In my continual journey of learning about race in America, as I am slowly peeling the layers of this onion apart, I am starting to make a distinction between racism and bias.
I know it might sound like splitting hairs, but hear me out on this.
From our experiences, racism is rooted in hatred. It is burning crosses and spray painting N words, angry threats and intimidation all in the name of hate.
On the other hand, I believe bias is often rooted in good intentions. It is believing in assumptions or stereotypes that we cling to (even when our experiences might tell us otherwise). It is thinking that I know what is “right” or “better” or “good” based on those assumptions.
As the white woman I am, raising a Black Latino son, I will admit that we/he have experienced only a few instances of true racism in his life. I can count them on my fingers. But while racist incidents may have been few and far between, I also know that we experience bias every single day.
Every. Single. Day.
And while the racism we have endured has been done by mostly strangers, the bias we endure comes from acquaintances and friends — sometimes even from family and those we love deeply.

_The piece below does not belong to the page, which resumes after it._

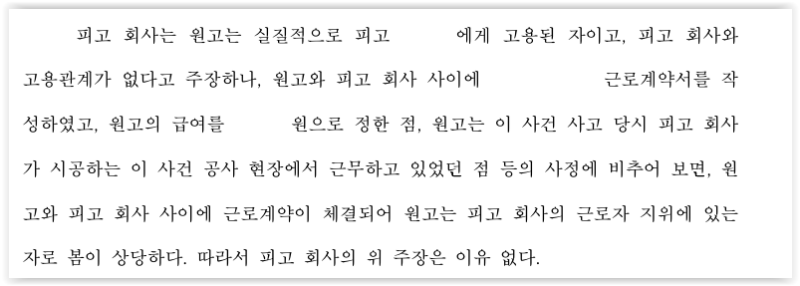 특히 재판부는 B회사와 의뢰인의 관계를 근로계약으로 보아 B에게도 A와 동일한 손해배상 책임을 인정하였고, 노동능력 상실률을 8%로 보았습니다.

Like the time a family member said of my son when he was in kindergarten, “God I hope he is good in basketball. That will be he way out.” Like a fervent prayer. My kindergartener has not even finished learning to read yet, and already sports were the only “way out.” I wondered why he couldn’t be a scientist, or an author, or TV announcer? And of course, what did he need to be “saved” from? That comment cut deep like a knife, partly because I knew it was made with the very best of intentions.
Or the church member, seeing my infant, exclaimed “He is so beautiful. Did you buy him in Africa?”
Bias. I need to think deeply about this.
What to do … how to respond … when the good intentions do more damage than any hatred ever could.